India recently published its first-ever national pre-school curriculum, and it focuses on creativity and curiosity. India’s education system is often criticized for excessively teacher-centered, top-down instruction. The proposed curriculum accepts that critique and seeks to correct it: “rote-based, teacher-directed learning, which is devoid of meaningful context, with undue pressure on the child to perform, is harmful.” The authors at the Indian National Council for Education Research and Training also recommend steps to advance gender equity: “Use stories, songs, activities and facilitation aids that depict girls and boys, including some with special needs, in the same roles as men and women in all professions. Both women and men should appear as leaders, heroes and problem solvers….”
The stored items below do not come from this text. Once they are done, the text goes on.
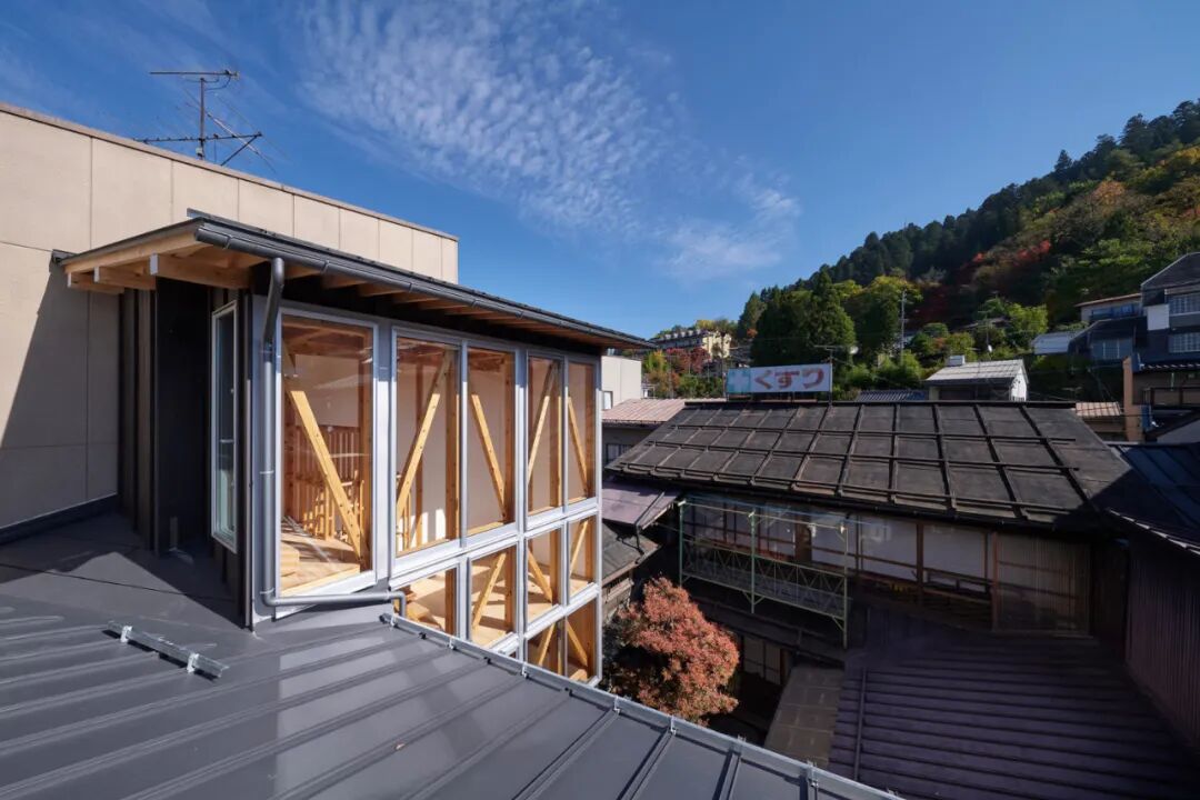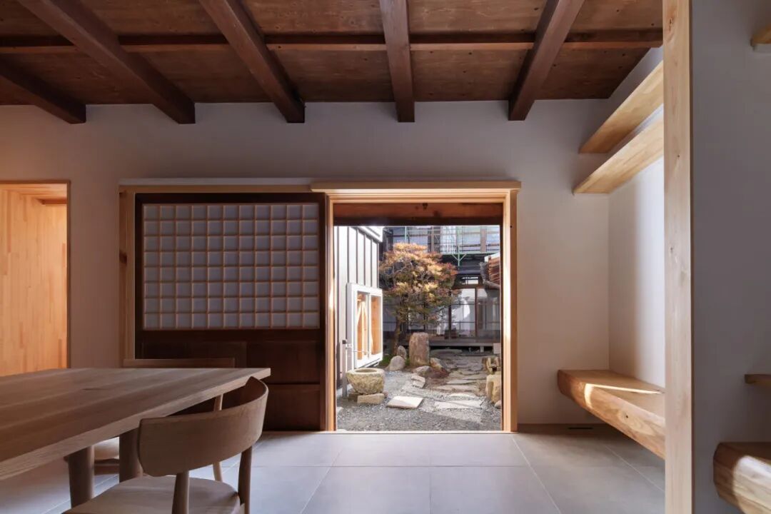该项目是基于反复扩建的背景下来建造而成,因为仓库周边的木制住宅及附属结构被拆除,重新利用建筑,把住宅的功能安放在了仓库内部。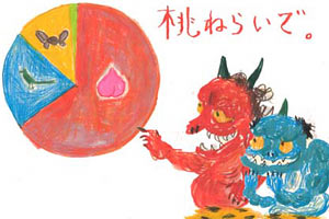 第1回 ![]() 日本人なら誰でも知っているだろう桃太郎。 あのお伽噺を聞くたびに、解せぬ思いに悩まされてきた。 なぜ家来が犬と猿と雉(キジ)なのか? 鬼退治に加勢を求める気持ちはわからないでもないが、 よりによって、なぜあの3匹なのか? 即戦力が必要なのであれば、 イヌよりはオオカミ サルよりはクマ キジよりはワシ をボクならば選ぶ。 イヌは認めるにしても、サルとキジは足手まといである。 イノシシでもフクロウでもいいから交代したほうがまし。 なんならマムシやスズメバチだっていい。 やつらのほうがよほど頼りになるだろう。 ![]() こんなもっともらしい説明がある。 鬼は鬼門と呼ばれる丑寅(ウシトラ):北東の方角から やってくるのだとか。 (鬼が牛の角を持ち、虎のふんどしを締めているのも ウシトラにちなんでいるんだって!) ともあれ、これを封じるために、 犬=戌(イヌ):西北西 雉=酉(トリ):西 猿=申(サル):西南西 が呼ばれたのだという。 この話はまゆつばである。 だってこの3匹で守れるのは誰が考えても西だろう。 裏鬼門は丑寅の逆の未申(ヒツジサル):南西なのだ。 なのにどうしてヒツジがいない? 酉=キジという解釈もあまり一般的ではない気がする。 一説によると、 イヌは忠誠心 サルは知恵 キジは勇気 の象徴だとか。 これも強引なこじつけにすぎまい。 イヌの忠誠心というのはまあいいとしても、 サルの知恵というのはいただけない。 古来より猿知恵とは間の抜けた至らぬ小賢しさのこと。 どちらかといえばカラスのほうがまだ知恵者であろう。 キジの勇気にいたっては意味不明のさいたるもの。 頭隠して尻隠さずということわざの元になった動物こそ キジなのだ。(頭が隠れても長すぎる尾は丸見えだから。) こんな臆病な動物を連れて行ってどうしようというのか。 ![]() 「ほぼ日」の読者にアンケートをとったことがある。 Q.桃太郎のお供のうち、鬼退治に役立たなかった動物は? 結果は イヌ 6% サル 11% キジ 21% 桃太郎 62% 桃太郎自身という回答が圧倒的に多いが、それはご愛嬌。 それを除けばイヌの支持率が高く、サルとキジは低い。 読者の皆さんもサルとキジには疑問をお持ちなのだろう。 桃太郎はなぜサルとキジを連れて行ったのか? 実はここに桃太郎軍団の勝利の秘けつがあったのだ。 ![]() 戦いにおいて大切なことは相手をよく知ることである。 鬼は身の丈2mを越え、人を食らい大酒を飲むらしい。 角や牙を持つばかりか、金棒を武器として使うという。 想像するだにおそろしい怪物であるが弱点もある。 ひとつは目である。 京都へ悪さを働きにきていた鞍馬山の鬼の目に、 煎った豆がたまたまはぜて当たってからというもの、 鬼は目が急所となった。 節分で鬼を退散させるために豆をまくのはこの理由から。 もうひとつの弱点はちくちくする痛みに弱いこと。 とげとげしたものが苦手で近付いてこないという。 鰯(イワシ)の頭を焼いてヒイラギの枝に刺したものを 節分の魔よけにする地方があるのはこの由来による。 どうやら焼き魚の匂いも嫌うらしい。 さて、ここで自陣の戦力を分析してみよう。 イヌは鋭い牙でかみつくことができる。 サルの得意技は何か? サルカニ合戦で見せた青柿投げの妙技が思い出される。 サルは素晴らしいコントロールを持ったピッチャーなのだ。 では、キジの得意技は何か? けんもほろろの言葉の通り、キジはケーン&ホロロと鳴く。 雉も鳴かずば撃たれまい、ということわざだってある。 あまり知られていないがキジは大声チャンピオンなのだ。 ![]() 桃太郎軍団はこうして鬼と戦った。 まず鬼の近くに潜入したキジが大声で鳴いた。 臆病なキジでも鳴くくらいはできたのだ。 ケーン。 何事かと驚いた鬼がこちらを振り返ってにらんだ。 その目を狙ってサルが吉備団子を投げつけた。 小賢しいサルなのでこのあたりはお手の物。 ベチャッ。 豆も痛いが、粘りのある団子が命中すると始末が悪い。 目を潰されて苦しむ鬼をキジがくちばしでつついた。 臆病とはいえ目が見えない相手には強かったのだ。 チクチクチクチクチクチク。 ちくちく攻撃を受けて鬼の戦意はみるみる喪失。 ひるむ鬼におもむろに犬が寄っていって、ガブリ。 お供の動物の見事な連係プレイで鬼は次々と投降した。 一番活躍したのはキジ、 お次がサルだったことはいうまでもない。 ちなみにその間、桃太郎は鰯を焼いていたそうである。 めでたしめでたし。 イラストレーション:石井聖岳 illustration (c) 2003 Kiyotaka Ishii |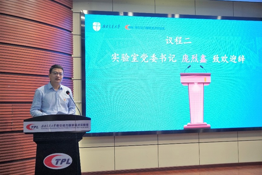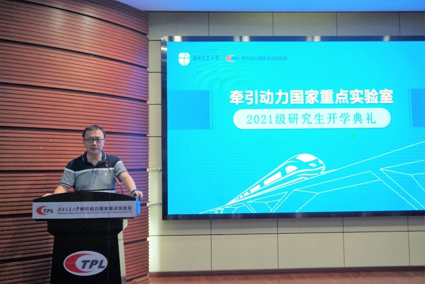 首先,典礼第一项由实验室党委书记庞烈鑫致欢迎辞,对2021级新生的到来表示热烈欢迎。庞书记分别介绍了实验室的学科设置、发展历史与科研成果,并向新生同学提出三点希望:希望同学们在这个百年未有之大变局,能牢记总书记嘱托、坚定理想信念、厚植家国情怀;珍惜光阴、不负韶华;在学校和牵引动力提供的最优平台上,如饥似渴的学习、一刻不停的提高;为报效祖国、建功立业奠定坚实的基础。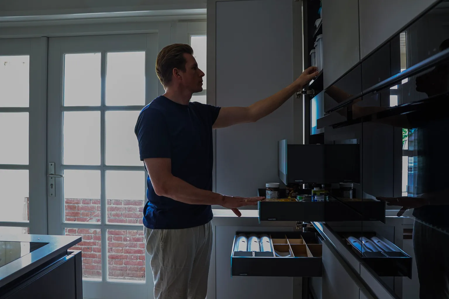 De deuren, laden en panelen van matglas zijn echte blikvangers. Ik had nooit gedacht dat glas in een keuken thuis zo’n warme, chique uitstraling kon hebben. Toen we ze zagen, wisten we meteen: dit willen we. Natuurlijk dacht ik: “Hmm, met een kleintje misschien niet ideaal…” Maar het schoonmaken gaat zó snel dat dit geen enkel probleem is. En eerlijk? Het geeft dat exclusieve gevoel dat u normaal alleen in luxe woonmagazines ziet.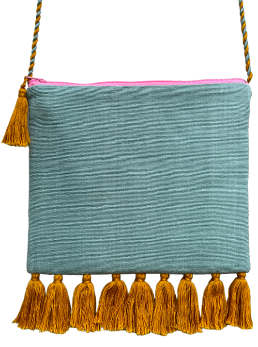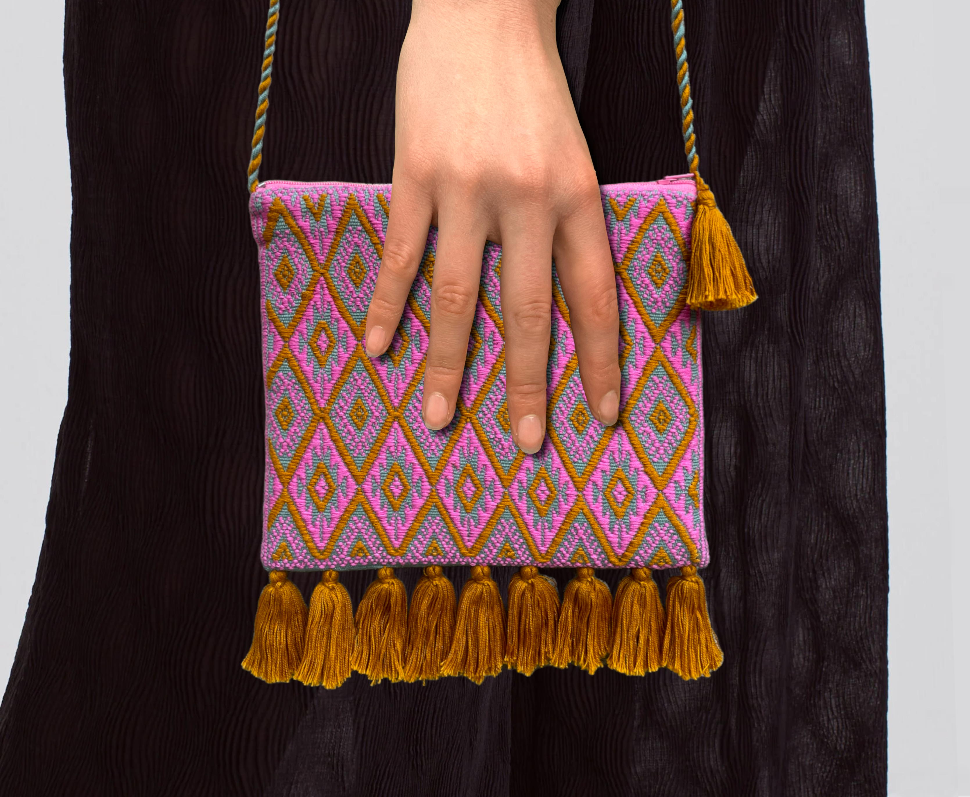 Tissées au telar, ces pochettes en coton, aux formes géométriques, ajoutent une touche colorée à vos tenues.
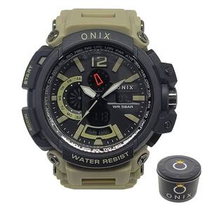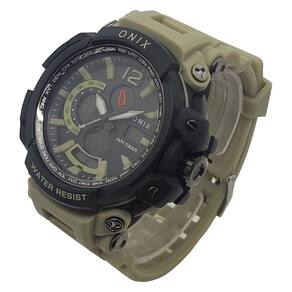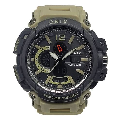 Relógio Masculino Onix AnaDigi OX124 Bege e PretoMarca: Onix Categoria: AnaDigi Analógico: Sim (1 Horário) Ponteiros Fluorescentes: Sim Digital: Sim (1 Horário) Calendário: Sim Despertador: Sim Mostra o Dia da Semana: Sim Mostra o Dia do Mês: Não Cronômetro: Não Contador Regressivo: Não Luz: Sim Cor da Iluminação: VerdeResistente à Água: 5 ATM (Pode ser utilizado para nadar no raso, por pouco tempo submerso) - Respingos: Sim - Chuva: Sim - Lavar Carro: Sim - Lavar Louça: Sim - Natação: Sim - Mergulho: Não Característica do Vidro: Acrílico Tipo de Fecho: Fivela Cor da Caixa: Preto Material da Caixa: Plástico Formato da Caixa: Redondo Diâmetro da Caixa: 56,00 (mm) Espessura da Caixa: 18,00 (mm) Cor da Pulseira: Bege Material da Pulseira: Plástico Largura da Pulseira: 21,50 (mm) Comprimento Máximo da Pulseira: 240,00 (mm) Alimentação: Bateria Interna Peso Líquido: 0,060 Kg Modelo: OX124 Cor Predominante: Bege Cor Diferencial: Preto Garantia: 12 MesesConteúdo da Embalagem: 01 Relógio 01 Embalagem 01 Termo de Garantia Ean: 7891368317021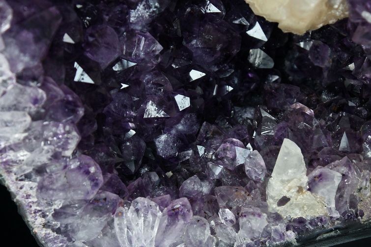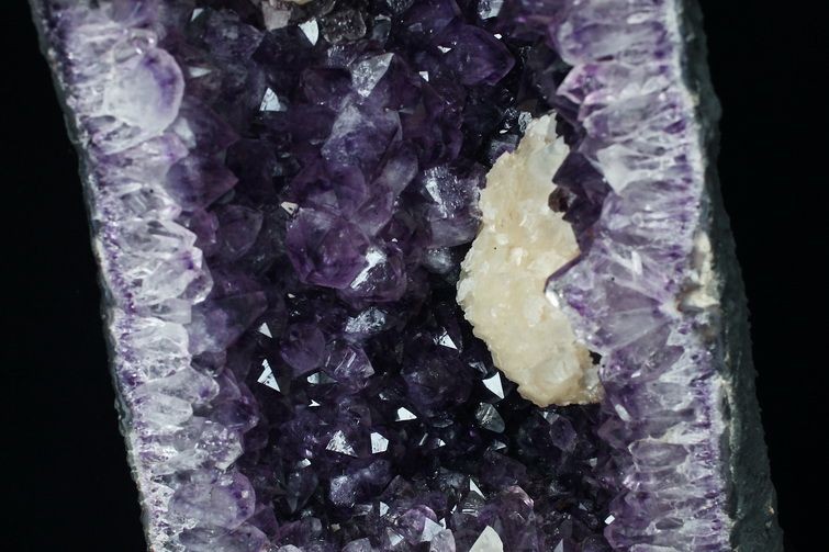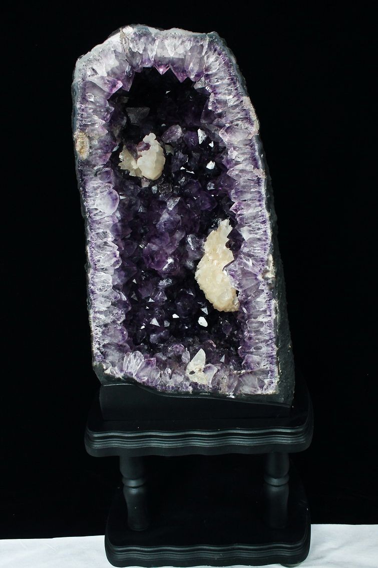 水晶は通常岩石の上に生成されますが、地層や岩の内側に洞窟状にできたものをアメジストドームといいます。アメジストの原石を半分に割り断面を美しく研磨すると、迫力と存在感、そしてエネルギーに満ちた置物に仕上がるのです。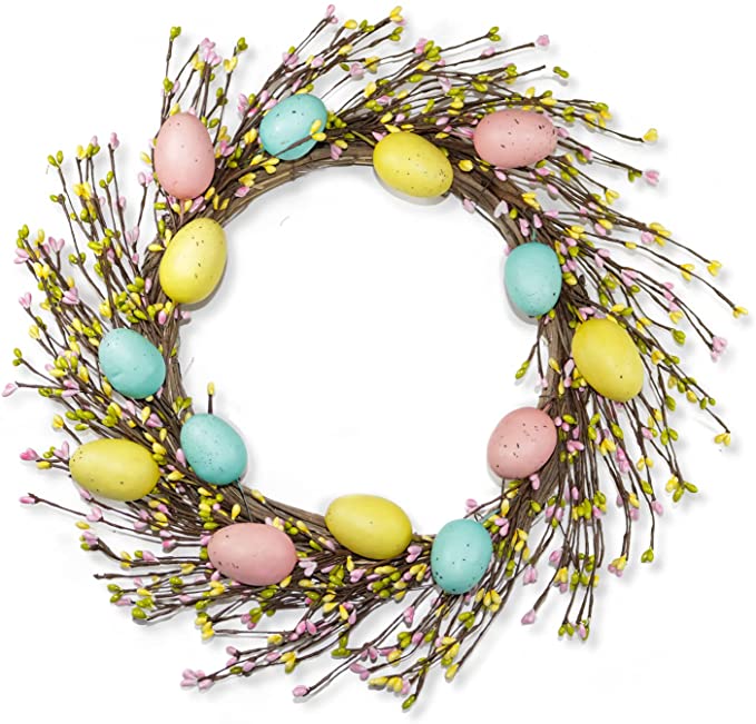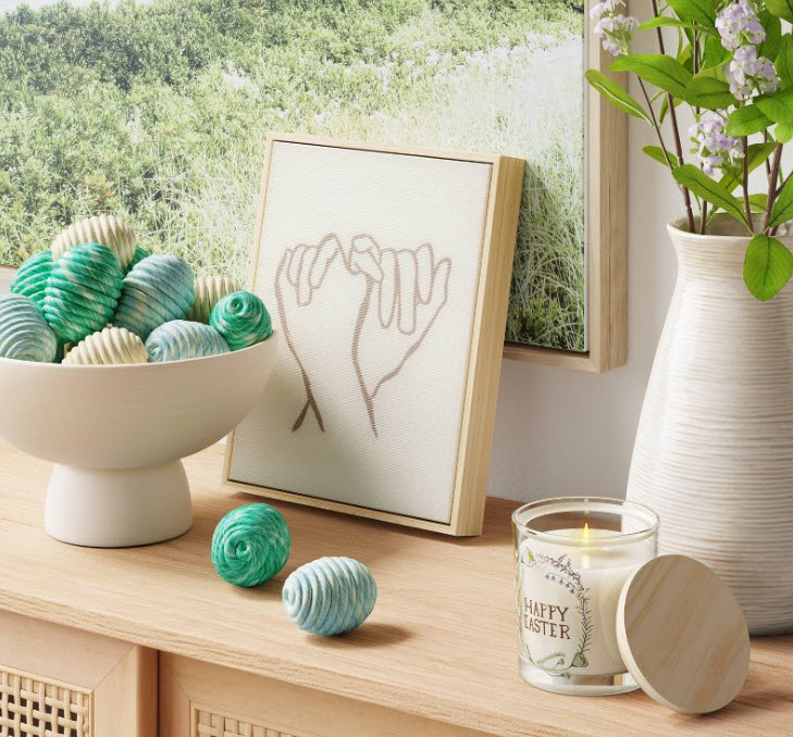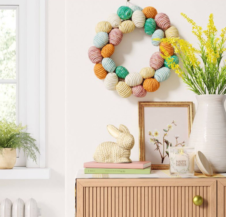 Speaking of egg wreaths, I also love this more textural egg wreath – could be an easy DIY, too. They’ve made of foam and corn husk, but I think thick yarn would create a similar look. You can also just buy the loose eggs as filler for a bowl or vase – they’re sold in two color ways (the cool aquas or warm oranges). And these ceramic ones are gorgeous too.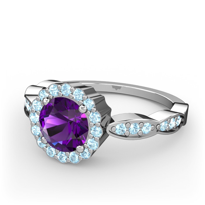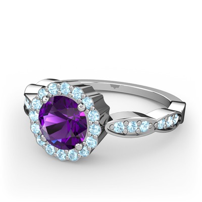 Ametist ve akuamarin 8 ayar beyaz altın yüzük

It will take years for these ideas to make their way into classrooms, but this is a good start. If in 2070 India elects a prime minister who is creative, curious, and respectful of differences, it can thank the preschool teachers who imbued those values in a generation of voters and leaders. Starting in 2021, India is rejoining PISA, the Program for International Student Assessment, so it will be easier to track its progress and share lessons globally.

If preschool is a telephoto lens into the distant future, higher education offers a wide-angle view of what might change in the economy, culture, and politics of the next few decades. Students who take intellectual risks today will launch the startups of tomorrow. Students who respect academic integrity today will one day refuse bribes. Students who come of age in diverse classrooms will bridge differences and heal society’s fractures as adults. If the battles of a bygone era were won on school playing fields, as the apocryphal saying goes, the challenges of this century will be solved in the classrooms of IIT, Shanghai Jiao Tong, and Duke.

Which brings me to the reason for my trip, which was to help launch Coursera for Campus, a new product that lets universities share courseware with one another and use it to embed professional learning in traditional degree programs. Coursera for Campus was based on the success of Coursera for Duke, a co-curricular program incubated at Duke to offer “complementary” technical and professional skills to students and alumni (as well as faculty and staff).

The level of interest and engagement from the Indian media and university leaders was greater than I’ve seen in two decades of education work in the U.S. and Europe. A press conference attracted top mainstream and business publications and the journalists’ questions were in-depth: How do faculty integrate digital materials into their courses for credit? How are you enhancing credentials to help students demonstrate the skills they’ve earned?

Coursera CEO Jeff Maggioncalda and Matthew Rascoff at the Coursera for Campus launch event in New Delhi, India.
Coursera CEO Jeff Maggioncalda and Matthew Rascoff at the Coursera for Campus launch event in New Delhi, India.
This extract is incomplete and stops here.